Since this big string of output isn't too useful, let's capture it to a file using the Out-File cmdlet.

Get-PSDrive | ConvertTo-Html | Out-File -FilePath PSDrives.html

After doing this, check out the PSDrives.html file that this generated.

Invoke-Expression C:\PSDrives.html
HTML output

HTML output

Notice it shows nearly the exact same output as the console, only in HTML. What did you expect, anyway? But at this point, we now have the opportunity to make it look better. First, let's limit the number of properties to only those that show up when running Get-PSDrive from the console. Those properties are Name, Used, Provider, Root and CurrentLocation.
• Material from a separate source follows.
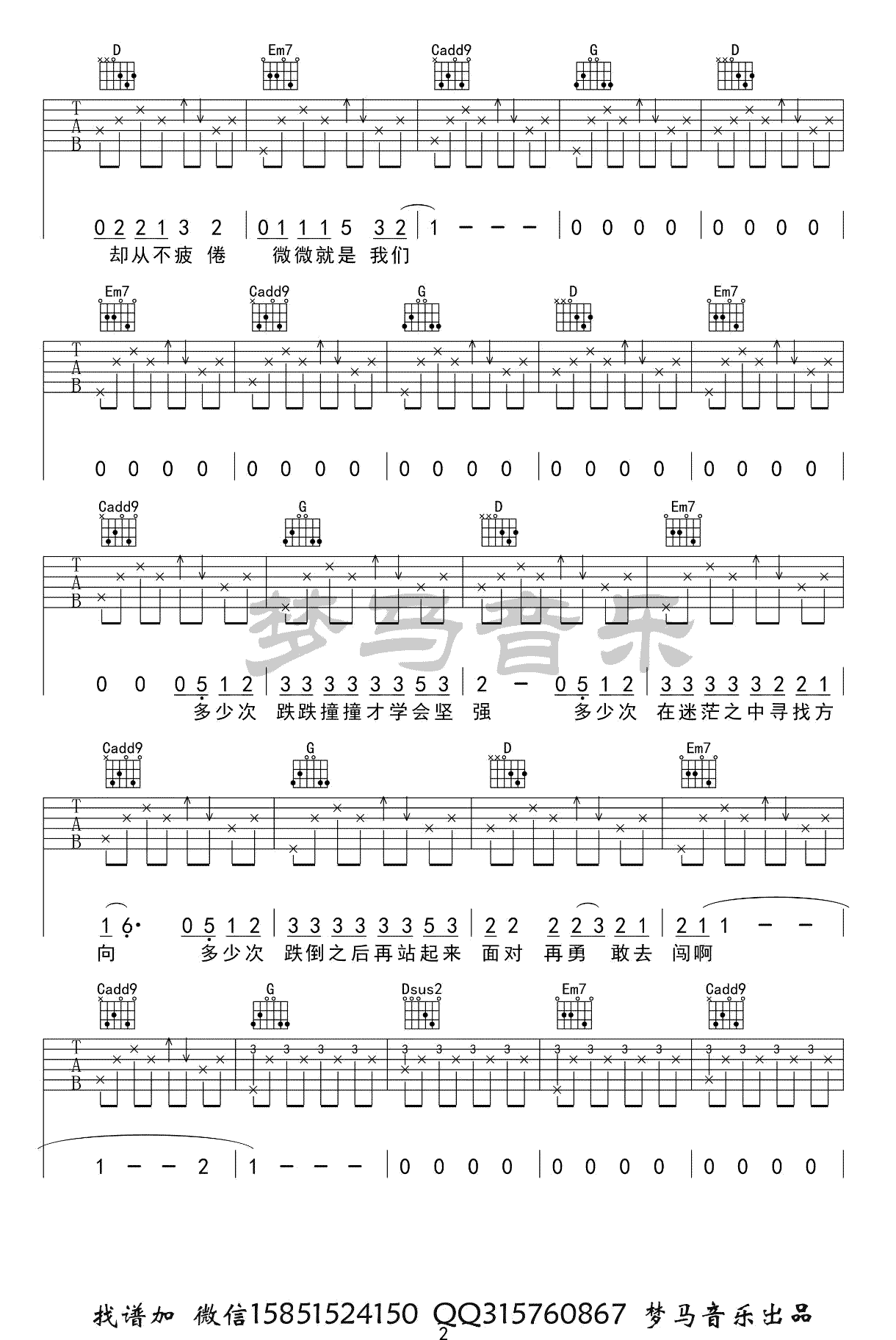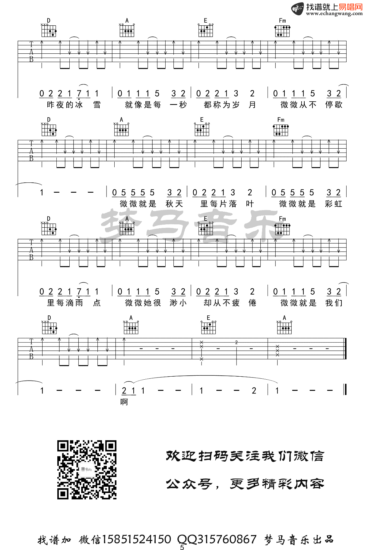 傅如乔《微微》吉他谱,一首抖音上火起来的歌,《青春有你2》节目的暖心单曲。微微吉他弹唱谱,完整版共五张图片六线谱,感谢梦马音乐编配

You can limit the output to these properties by using the Property parameter of ConvertTo-Html.

Get-PSDrive | ConvertTo-Html -Property Name,Used,Provider,Root,CurrentLocation | Out-File -FilePath PSDrives.html
Better HTML output

Better HTML output

Now it looks like the native console output. We can do much better though. I find it hard to differentiate between the rows since they're so close together. Let's add a border around the rows and columns. To do that requires knowing a little CSS, which I was able to find online. The ConvertTo-Html cmdlet has a Head parameter that allows you to specify the HTML code that will go into the HEAD element. Below, I'm creating a simple CSS style tag to create a border.

$Header = @"
<style>
TABLE {border-width: 1px; border-style: solid; border-color: black; border-collapse: collapse;}
TD {border-width: 1px; padding: 3px; border-style: solid; border-color: black;}
</style>
"@
Get-PSDrive | ConvertTo-Html -Property Name,Used,Provider,Root,CurrentLocation -Head $Header | Out-File -FilePath PSDrives.html
HTML table border

HTML table border

You should now begin to see the possibilities here. Although you'll need to know a little about CSS, you have the ability to make this report look a whole lot better. For my final trick, I'll add a color to the table header values to make them more obvious.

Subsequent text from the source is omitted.